3.2. Age and Disease Duration

A comparison of the baseline demographics of the four maternal lineages (African, Amerindians, Caucasian, and Asian) is shown in Table 2. There was no difference in the sex ratios between the four mtDNA haplogroups. However, the study population was predominantly female (85% vs. 15%). Although it is known that females have a higher risk, our study population did not demonstrate a significant bias despite the younger age and smaller sample size. Statistical analysis revealed no significant difference (p = 0.99) in the distribution of females within the four haplogroups. The age of the patients in the four groups (African, Amerindian, Caucasian, and Asian) was similar, with an average age of 15.6 years and a range of 8 to 23 years old. The average age at diagnosis was 10.5 years and ranged from 2 to 18 years. The disease duration was also similar in all four groups, with an average of 5.2 years and a range of 0.25 to 17 years, underscoring the chronic nature of pSLE and the need for ongoing care.

3.3. Correlating Disease with mtDNA Haplogroup

Statistical analysis was carried out to compare the SLEDAI-2K [33] and SDI [34] scores of the different haplogroups.
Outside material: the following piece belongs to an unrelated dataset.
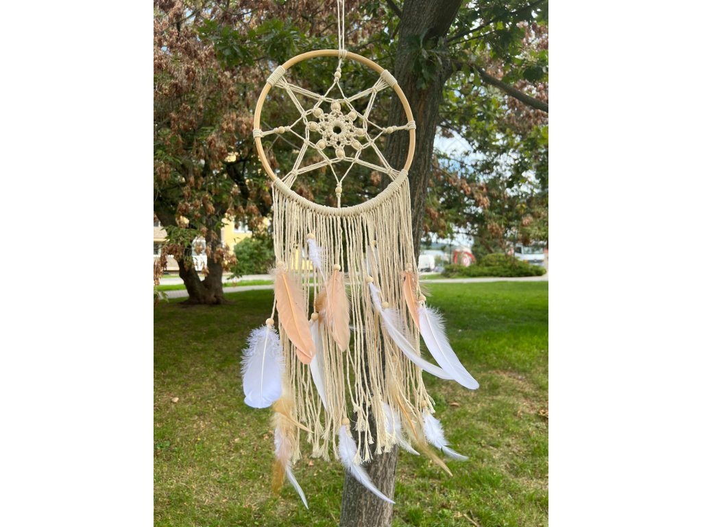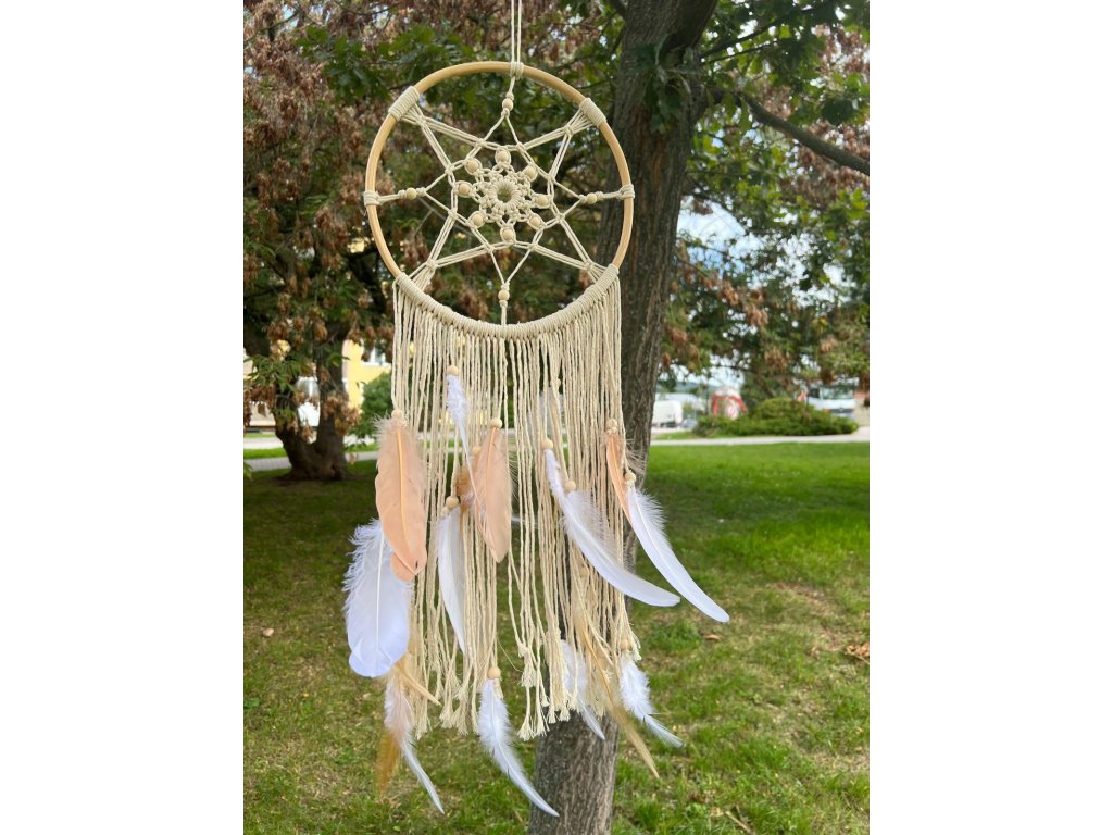 Tento elegantní lapač snů je ručně vyráběný a přináší do vašeho prostoru klid a krásu. S jemnými odstíny béžové a bílou barvou peří, doplněný dřevěnými korálky a kvalitní makramé technikou, tento lapač snů okouzlí svou jednoduchostí a přírodním vzhledem. V horní části je pevně uchycený bambusový kruh, ve kterém je vytvořena síť s unikátním designem, který zachytí negativní energie a umožní vám mít klidný spánek. Visící peří přináší do lapače pohyb a lehkost, což mu dává živý a dynamický charakter. Tento ručně vyráběný kousek je skvělý jako dekorace pro váš domov, ale také jako dar pro ty, kteří hledají symbol ochrany a pozitivní energie.

The comparison of the SLEDAI-2K of the four maternal lineages indicated a higher median score in the Amerindian (Score ave = 11.7) and African Score ave = 7.2) maternal lineages compared to the Caucasian (Score ave = 4.75) and Asian (Score ave = 3) maternal lineages (Table 3). Similar observations were also found for non-zero SDI scores, with higher percentages (54% and 40%) in the Amerindian and African maternal lineages. When individual maternal lineages were compared to each other, a significant omnibus p value of 0.017 was obtained. Significant differences in SLEDAI-2K scores were only observed between the Amerindian vs. Caucasian () and the Amerindian vs. Asian (p = 0.008) maternal lineages. However, there was no significant difference between Amerindians vs. Africans and Caucasian vs. Asian haplogroups. No significant differences were observed for the SDI scores when individual maternal lineages were compared to each other. Though the SLEDAI 2K varies with disease exacerbation and remission and therapies, those with more consistently high levels over time are at more risk for poor outcomes. Although the SLEDAI 2K was assessed at a single time point, certain mtDNA haplogroups had significantly higher numbers at the time of blood collection, which occurred at different times in the disease course of the patients (i.e., some were collected shortly after diagnosis, and some collected several years after diagnosis).
The SDI scores were examined in two ways: (1) treating SDI as a continuum and (2) examining the proportion of non-zero SDI scores across groups. An SDI score > 0 indicates organ damage and was noted in 9/27 (33%) patients in the overall sample, with 0% in those of Asian and Caucasian ancestry and 54% and 40% in those of Amerindian and African ancestry, respectively (Table 3). While omnibus tests indicated no overall differences in continuous SDI (p = 0.12) or proportion with a non-zero SDI (p = 0.10), the high SDI in the African and Amerindian groups suggests that these mtDNA haplogroups are at greater risk for irreversible damage. Our study did not take into account differences in economic or psychosocial factors related to the disease. These results demonstrate a higher disease severity in the Amerindian maternal lineage compared to the Caucasian and Asian maternal lineages.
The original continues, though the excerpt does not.